Published: June 16, 2024

Welcome to today's roundup of key business stories in Australia. From significant structural changes in governance and industry reports to international relations and real estate milestones, we have everything you need to stay updated.

RBA Review: Strengthening Governance for a Changing Landscape

I joined the Reserve Bank of Australia (RBA) review panel with no initial inclination for change. However, after extensive consultations within and outside the RBA, my perspective shifted.

The media largely focuses on the proposed monetary policy board's composition and decisions, given their public impact. However, they miss the vital role of the proposed governance board.

The RBA, with 1400 employees, plays a crucial role in Australia's economy, managing banking services for the government, foreign exchange reserves, and vital payments infrastructure. Despite these responsibilities, its corporate governance practices remain outdated.

Currently, the RBA governor is the sole authority for management, supported by internal committees. This centralised system may inadequately distribute risk and responsibility, a scenario not in line with best practices in corporate governance. The Reserve Bank Board's management oversight is ambiguous and requires clarification.

Although the RBA has appointed a chief operating officer to handle some of the deputy governor’s management functions, establishing a dedicated governance board remains essential. This step aligns with corporate governance best practices, such as those outlined by the ASX Corporate Governance Council.

The increasing complexity of RBA operations, especially technological risks like cybersecurity and emerging AI challenges, underscores the need for robust governance. The RBA’s IT staff has doubled over the past decade, highlighting technology’s growing role in the financial system. AI introduces new risks that necessitate vigilant oversight, better suited to a governance board rather than a monetary policy board.

The review recommends continuity by involving current board members in new roles on the proposed boards and securing bipartisan support for these changes. Ensuring experienced oversight is crucial as Australia navigates high inflation and uncertain interest rate directions.

An independent governance board would focus on resourcing, succession planning, risk management, and technology, enabling the monetary policy board to concentrate on monetary decisions. This dual structure will better serve the Australian public by enhancing the RBA's operational efficiency and risk management.

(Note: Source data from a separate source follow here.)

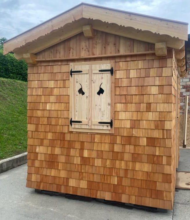 Außen erhält die Hütte eine hochwertige Fassade aus heimischen, handgespaltenen Lärchenschindeln oder einer individuellen Holzschalung nach Wunsch. Dank der Vollisolierung von Boden, Wänden und Decke (17 cm Isolierung, 25 cm Wandstärke) ist die Hütte bestens für unterschiedliche Witterungsbedingungen geeignet und sorgt für angenehme Temperaturen zu jeder Jahreszeit.
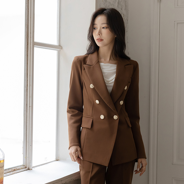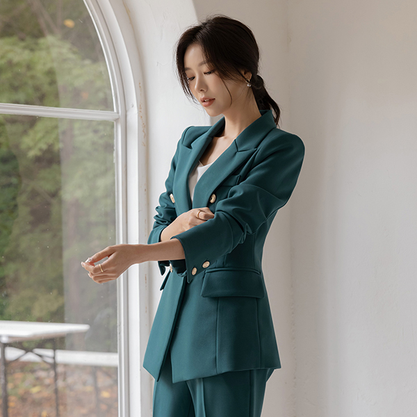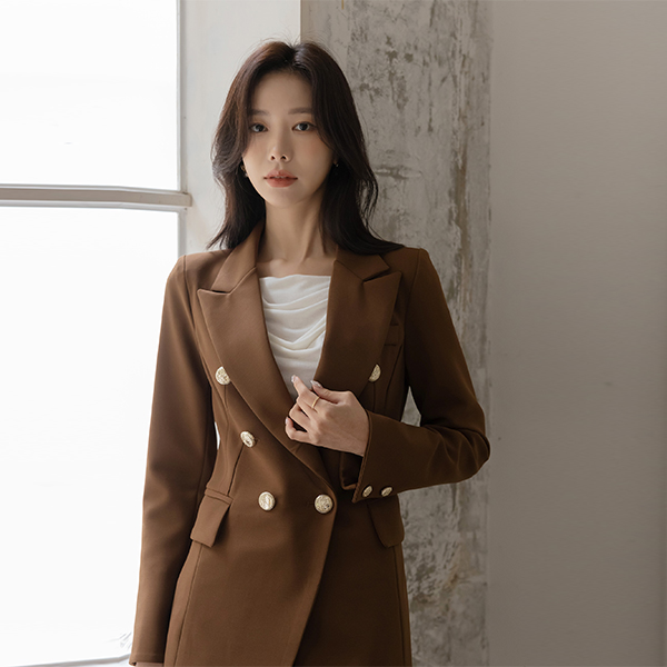 엘리샤 黄金 扣子 斯利姆 弹力 Set-up 夹克
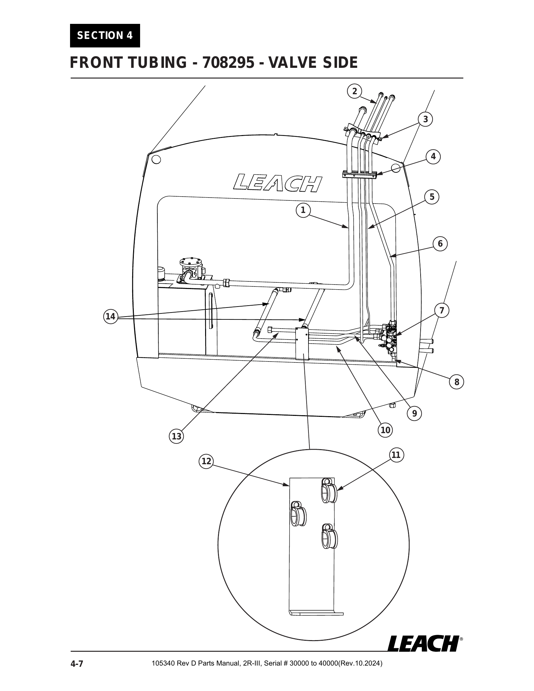 2R-III 30K/40K - PG 054 - Section 4 - FRONT TUBING - 708295 - VALVE SIDE
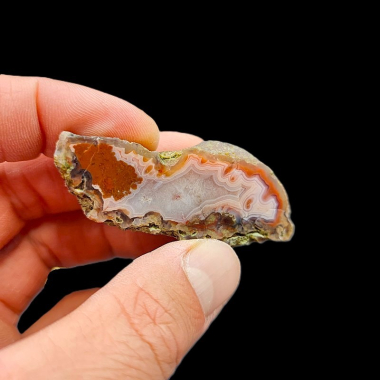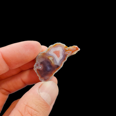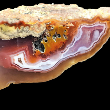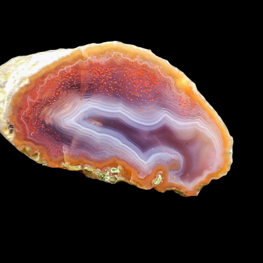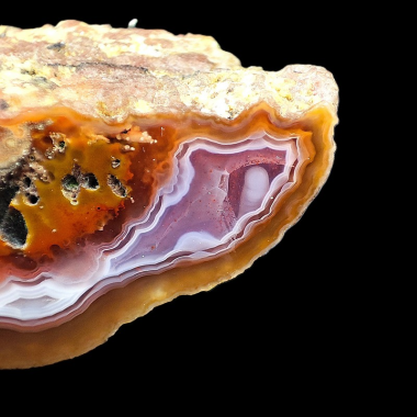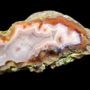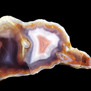 Bardzo interesujący agat z ciekawą - lekko różową kolorystyką wstęg, rozchodzących się po krawędziach agatu. W środku znajduje...
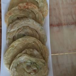 Flour ( One pound ) | minced green onions ( a small bowl with oil ) |
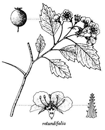 30. Crataegus rotundifolia Moench. — Aubépine à feuilles rondes. — (Round-leaved hawthorn).

The RBA must adapt to the evolving financial landscape, and a strong governance board is critical for maintaining its pivotal role in Australia's economy.

Australia's Cold Storage Capacity Lagging Behind Global Standards

Current Capacity vs. Global Benchmarks

Australia's supermarkets, pharmacies, and food delivery services like HelloFresh face a major challenge in meeting future demand due to a lack of refrigerated warehouses. This alert comes from CBRE's latest Cold Chain Logistics report.

These temperature-controlled facilities store fresh foods, frozen products, and pharmaceuticals, forming the backbone of Australia's $8 billion cold chain logistics sector.

Australia's current refrigerated warehouse capacity is 0.4 cubic metres per urban resident, trailing the U.S. at 0.6 cubic metres and the Netherlands at 0.9 cubic metres:

  • USA: 0.6 cubic metres per resident
  • Netherlands: 0.9 cubic metres per resident
  • Australia: 0.4 cubic metres per resident

“Reaching U.S. levels means developing an extra 400,000 square metres of warehouse space, with as much as 1.3 million square metres needed to match the Netherlands," said Sass Jalili, CBRE's Head of Industrial and Logistics Research.

Rising Demand and Zero Vacancy

Despite a rise from 0.28 cubic metres per person in 2016 to 0.4 cubic metres currently, demand has left these facilities with virtually no vacancy. Population growth, online food shopping, and an expanding food export market are to blame.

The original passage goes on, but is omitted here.